夫婦別姓 ―家族と多様性の各国事情


書籍名夫婦別姓 ー家族と多様性の各国事情
著者栗田路子/冨久岡ナヲ/プラド夏樹/田口理穂/片瀬ケイ/斎藤淳子/伊東順子
出版情報筑摩書房 2021年
請求記号324/ク

結婚後、夫婦同姓にしなければならないと強制されている国は世界で日本だけです。 日本では30年近く選択的夫婦別姓について争われています。 選択的夫婦別姓について議論されるとき、反対意見として「家族の絆が失われるから」「産まれてきた子どもの姓をどうするのか」などの意見があります。

本書では日本を除く7か国で結婚、出産、子育てをしている日本人ライターがその国の歴史、文化、人間性などから夫婦の姓の選択肢、そしてその姓を選択した家族はどう考え、どう過ごしているのかを書いています。

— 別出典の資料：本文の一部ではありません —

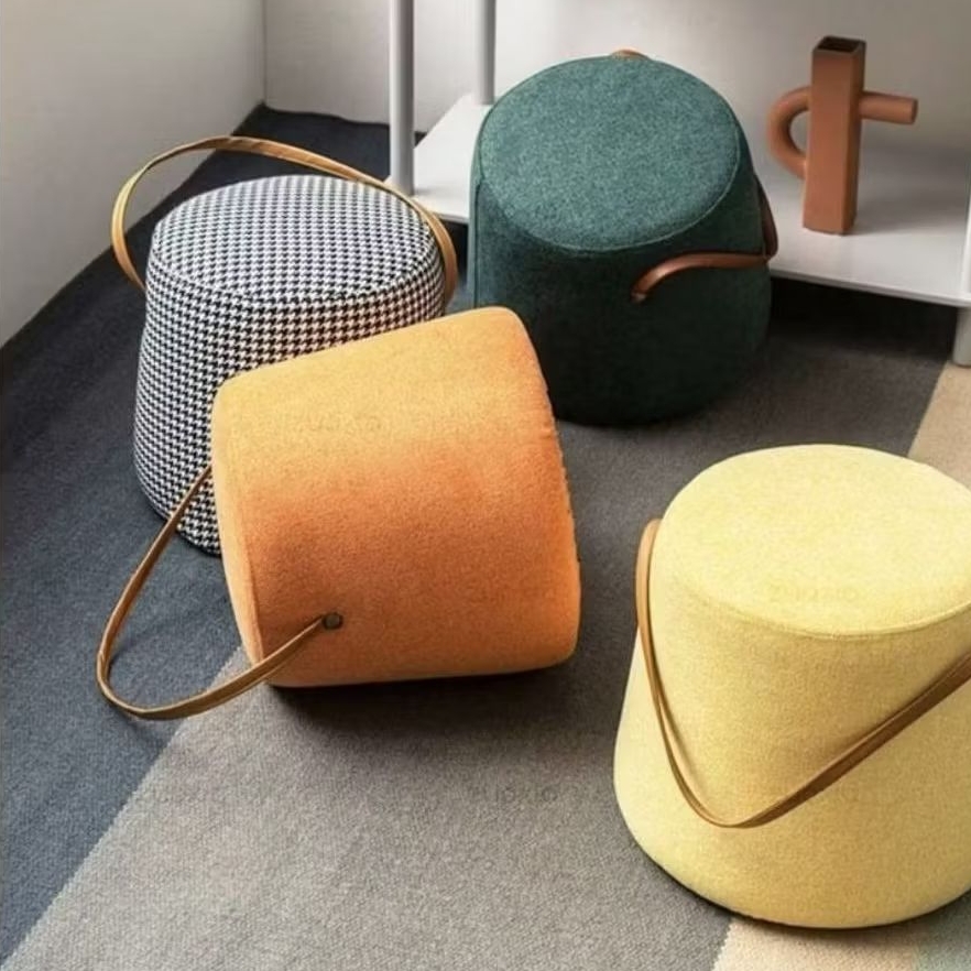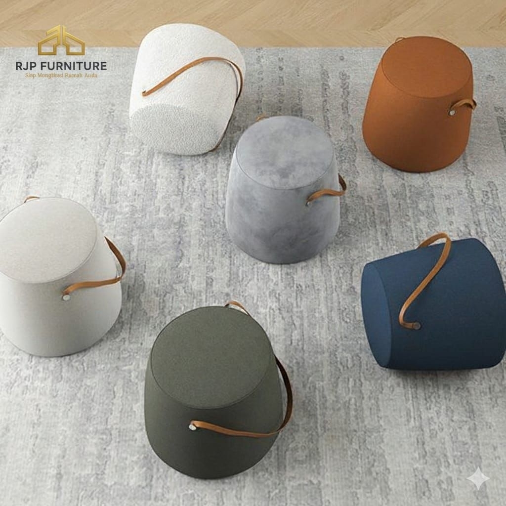 RJP FURNITURE Stool Pouf Ottoman Scandinavian Minimalis ern Kursi Kecil Bulat Multifungsi dengan Dengan Tambahan Handle

どの国でも結婚、そして夫婦の姓には歴史と宗教が大きく関わっています。 共通している歴史は男尊女卑で家父長制であったことです。 宗教は欧米ではキリスト教が、中国、韓国では儒教が大きく影響しています。 女性は夫の支配下に入ると考えられていたため、キリスト教圏の国では女性が結婚と同時に夫の姓を名乗っていました。 儒教圏では妻は子どもを産むための「外の者」という考えに基づいた夫婦別姓でした。 つまり、結婚後の姓の扱いには女性差別が深く関わっていたと言えます。 現在、多くの国では男女平等への一環として姓に関しての法改正が進んでいます。

子どもの姓に関してはそれぞれの国で課題を抱えており、日本が選択的夫婦別姓にするならば、諸外国の事情を参考に議論する必要があります。ただ、どのライターも「別姓だからといって、家族に一体感がないことはない。」と書いています。

夫婦別姓の問題を通して、日本と世界との違いや、日本の制度の遅れを気づかせてくれる一冊です。